TASK BRIEF: Transcribe each record exactly, but omit pictures.

(Data records)

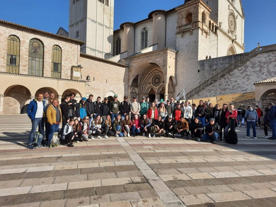 41 Jugendliche aus den Pfarrverbandbänden Riedering und Neubeuern-Nußdorf inkl. zwei Gästen aus Bad Endorf machten sich mit einem Vierer-Leitungsteam auf den Weg nach Umbrien in die Stadt des Heiligen Franziskus. Allesamt frisch getestet war schon die Anfahrt ein Aufatmen nach über zwei Jahren Pandemie. In einem Pilgerhotel mitten in der Altstadt untergebracht konnte Assisi zu Fuß entdeckt werden. Gemeindereferent Tobias Gaiser, Gemeindeassistentin Jacqueline Egold, sowie die ehrenamtlichen Leiter Annette Forster und Christian Unterhuber brachten den Jugendlichen das Leben und die Spiritualität des Heiligen Franziskus und der Heiligen Klara näher und so konnte in kleinen Gottesdiensten und Andachten immer mehr Bezug zum eigenen Leben hergestellt werden. Bruder Thomas, der im Sacro Covento lebt, erklärte die Basilika und die Fresken Giottos und eine kleine, aber schweißtreibende Bergtour zur Einsiedelei Carceri schufen immer mehr Bezug zwischen den Jugendlichen und dem besonderen Geist, der in und um Assisi herrscht. Wenn auch das Wetter leider einen Ausflug an und auf den Trasimeno See nicht möglich gemacht hat, konnte man beobachten, dass die Jugendlichen ihren eigenen Lebensfragen und einem franziskanischen Denken immer wieder einen guten Platz eingeräumt haben. Viele haben Zuhause die Gruppe über die sozialen Medien virtuell begleitet und sogar Weihbischof Wolfgang Bischof schickte den Jugendlichen zweimal via Instagramkommentar einen Gruß. Ein Abschlussgottesdienst konnte zum Ende noch im Sacro Convento gefeiert werden und jede und jeder Teilnehmende bekam ein Tau-Kreuz umgehängt verbunden mit einem ganz persönlichen und individuellen Zuspruch - dies am Ende verbunden mit dem Franziskanischen Segen: "Möge Gott dich mit genug Torheit segnen zu glauben, dass du einen Unterschied in der Welt machen kannst." Es tat gut zu sehen was im Laufe dieser paar Tage unter und zwischen den Jugendlichen gewachsen ist und es ist gut und wichtig, dass so etwas jetzt wieder möglich ist.
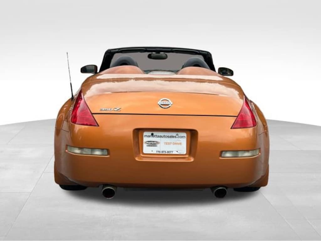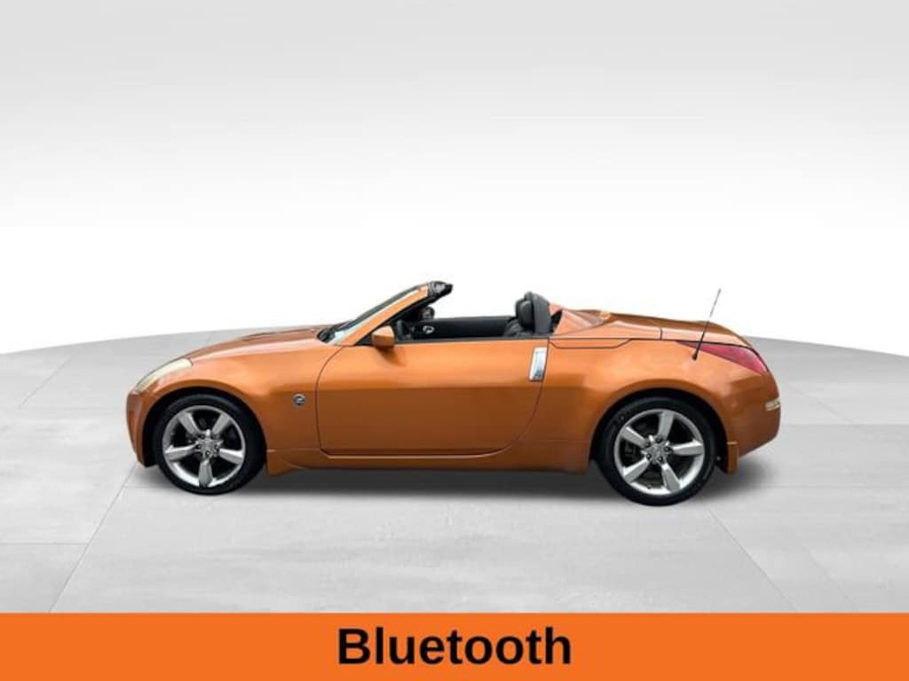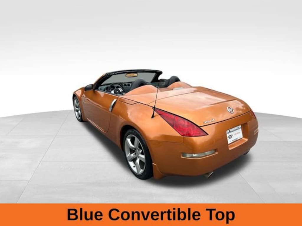 Le Mans Sunset Clearcoat Metallic 2005 Nissan 350Z Touring 3.5L V6 DOHC 24V 5-Speed Automatic Electronic with Overdrive RWD Bluetooth, 17 7-Spoke Aluminum Alloy Wheels, 7 Speakers, ABS brakes, AM/FM radio, Anti-whiplash front head restraints, Auto-dimming Rear-View mirror, Automatic temperature control, Blue Convertible Top, Brake assist, Bumpers: body-color, Dual front side impact airbags, Four wheel independent suspension, Front Bucket Seats, Garage door transmitter: HomeLink, Glass rear window, Heated door mirrors, Heated front seats, Heated Front Sport Bucket Seats, High intensity discharge headlights: Xenon, Illuminated entry, Leather Seat Trim, Low tire pressure warning, Panic alarm, Passenger door bin, Passenger vanity mirror, Power convertible roof, Power door mirrors, Power driver seat, Power passenger seat, Remote keyless entry, Security system, Speed control, Tachometer, Traction control, Variably intermittent wipers.
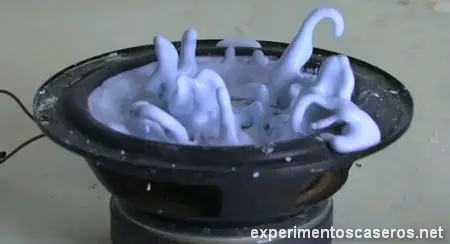 El sonido es una vibración, que se transmite a través de las sustancias como un cambio de presión a altas velocidades. Este cambio repentino de presión induce también esfuerzos dentro de nuestro fluido no newtoniano, por lo que su viscosidad aumenta y termina comportándose como un sólidos que realiza esos movimientos extraños. Nótese como se vuelve líquido nuevamente al cesar la vibración del altavoz.
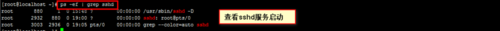 2、然后确保是否都开启了sshd服务。执行命令"ps -ef | grep sshd" 查看是否开启。具体展示如下图所示。
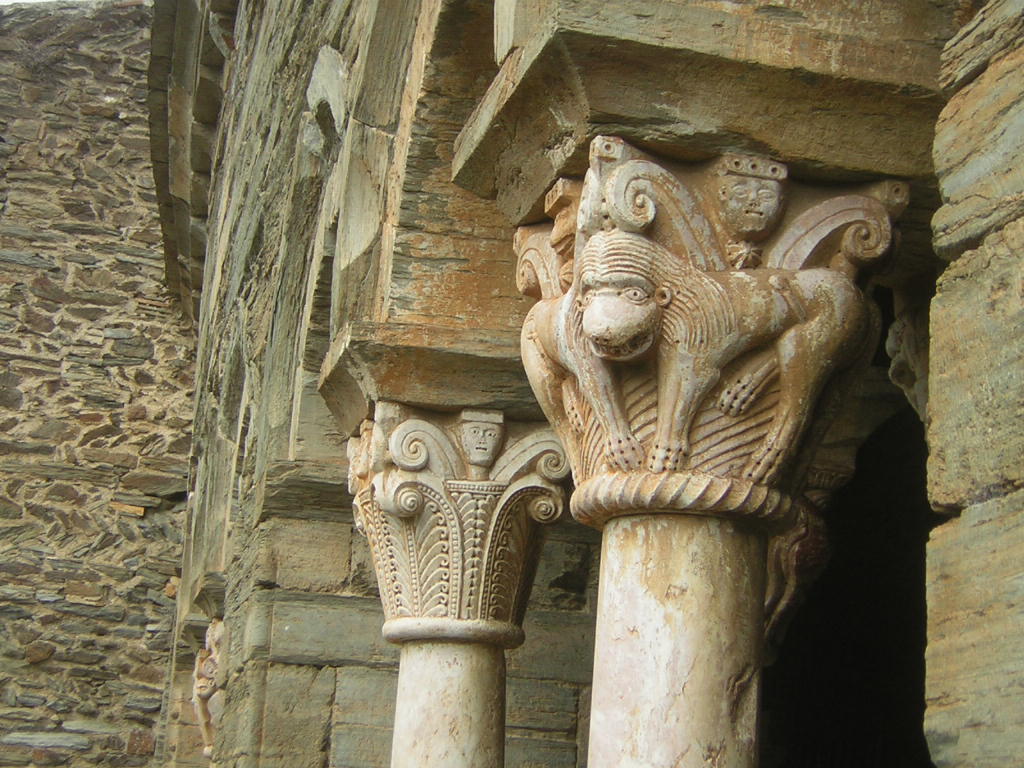 Prieuré de Serrabonne, détail "terrifiant" des piliers.
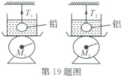 19. (2025·玉环)如图所示,两只完全相同的容器,盛上相同质量的水放在台秤上,用细线悬挂质量均为270g的实心铅球和铝球(ρ铅=11.34g/cm³,ρ铝=2.7g/cm³),两球全部没入水中,铝球所受的浮力为
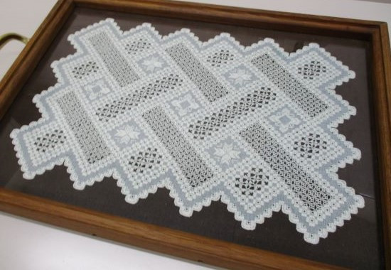 プントアンティーコの白のドイリーとイギリスのクロスステッチの楕円リース。
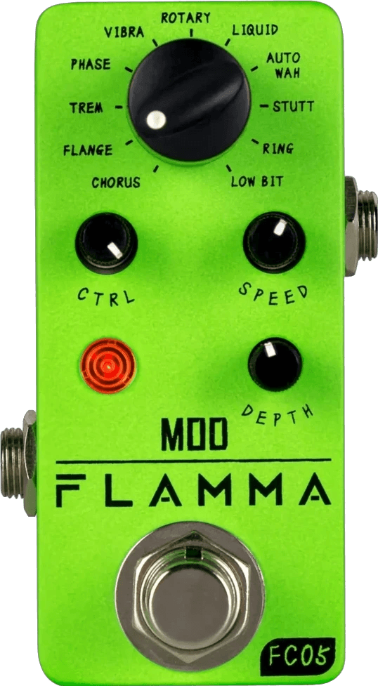The Flamma FC05 Mod is a compact modulation effects pedal offering 11 selectable modulation types in a micro enclosure. Effects include chorus, flanger, auto wah, stutter, ring modulator, and low bit among other classic and modern modulation options. Built inside a durable metal housing, the FC05 Mod fits easily on space-limited pedalboards and features straightforward control over all onboard effects. True bypass switching preserves signal integrity when the pedal is disengaged.

EXPECTED ANSWER:
 41 Jugendliche aus den Pfarrverbandbänden Riedering und Neubeuern-Nußdorf inkl. zwei Gästen aus Bad Endorf machten sich mit einem Vierer-Leitungsteam auf den Weg nach Umbrien in die Stadt des Heiligen Franziskus. Allesamt frisch getestet war schon die Anfahrt ein Aufatmen nach über zwei Jahren Pandemie. In einem Pilgerhotel mitten in der Altstadt untergebracht konnte Assisi zu Fuß entdeckt werden. Gemeindereferent Tobias Gaiser, Gemeindeassistentin Jacqueline Egold, sowie die ehrenamtlichen Leiter Annette Forster und Christian Unterhuber brachten den Jugendlichen das Leben und die Spiritualität des Heiligen Franziskus und der Heiligen Klara näher und so konnte in kleinen Gottesdiensten und Andachten immer mehr Bezug zum eigenen Leben hergestellt werden. Bruder Thomas, der im Sacro Covento lebt, erklärte die Basilika und die Fresken Giottos und eine kleine, aber schweißtreibende Bergtour zur Einsiedelei Carceri schufen immer mehr Bezug zwischen den Jugendlichen und dem besonderen Geist, der in und um Assisi herrscht. Wenn auch das Wetter leider einen Ausflug an und auf den Trasimeno See nicht möglich gemacht hat, konnte man beobachten, dass die Jugendlichen ihren eigenen Lebensfragen und einem franziskanischen Denken immer wieder einen guten Platz eingeräumt haben. Viele haben Zuhause die Gruppe über die sozialen Medien virtuell begleitet und sogar Weihbischof Wolfgang Bischof schickte den Jugendlichen zweimal via Instagramkommentar einen Gruß. Ein Abschlussgottesdienst konnte zum Ende noch im Sacro Convento gefeiert werden und jede und jeder Teilnehmende bekam ein Tau-Kreuz umgehängt verbunden mit einem ganz persönlichen und individuellen Zuspruch - dies am Ende verbunden mit dem Franziskanischen Segen: "Möge Gott dich mit genug Torheit segnen zu glauben, dass du einen Unterschied in der Welt machen kannst." Es tat gut zu sehen was im Laufe dieser paar Tage unter und zwischen den Jugendlichen gewachsen ist und es ist gut und wichtig, dass so etwas jetzt wieder möglich ist.
 Le Mans Sunset Clearcoat Metallic 2005 Nissan 350Z Touring 3.5L V6 DOHC 24V 5-Speed Automatic Electronic with Overdrive RWD Bluetooth, 17 7-Spoke Aluminum Alloy Wheels, 7 Speakers, ABS brakes, AM/FM radio, Anti-whiplash front head restraints, Auto-dimming Rear-View mirror, Automatic temperature control, Blue Convertible Top, Brake assist, Bumpers: body-color, Dual front side impact airbags, Four wheel independent suspension, Front Bucket Seats, Garage door transmitter: HomeLink, Glass rear window, Heated door mirrors, Heated front seats, Heated Front Sport Bucket Seats, High intensity discharge headlights: Xenon, Illuminated entry, Leather Seat Trim, Low tire pressure warning, Panic alarm, Passenger door bin, Passenger vanity mirror, Power convertible roof, Power door mirrors, Power driver seat, Power passenger seat, Remote keyless entry, Security system, Speed control, Tachometer, Traction control, Variably intermittent wipers.
 El sonido es una vibración, que se transmite a través de las sustancias como un cambio de presión a altas velocidades. Este cambio repentino de presión induce también esfuerzos dentro de nuestro fluido no newtoniano, por lo que su viscosidad aumenta y termina comportándose como un sólidos que realiza esos movimientos extraños. Nótese como se vuelve líquido nuevamente al cesar la vibración del altavoz.
 2、然后确保是否都开启了sshd服务。执行命令"ps -ef | grep sshd" 查看是否开启。具体展示如下图所示。
 Prieuré de Serrabonne, détail "terrifiant" des piliers.
 19. (2025·玉环)如图所示,两只完全相同的容器,盛上相同质量的水放在台秤上,用细线悬挂质量均为270g的实心铅球和铝球(ρ铅=11.34g/cm³,ρ铝=2.7g/cm³),两球全部没入水中,铝球所受的浮力为
 プントアンティーコの白のドイリーとイギリスのクロスステッチの楕円リース。
The Flamma FC05 Mod is a compact modulation effects pedal offering 11 selectable modulation types in a micro enclosure. Effects include chorus, flanger, auto wah, stutter, ring modulator, and low bit among other classic and modern modulation options. Built inside a durable metal housing, the FC05 Mod fits easily on space-limited pedalboards and features straightforward control over all onboard effects. True bypass switching preserves signal integrity when the pedal is disengaged.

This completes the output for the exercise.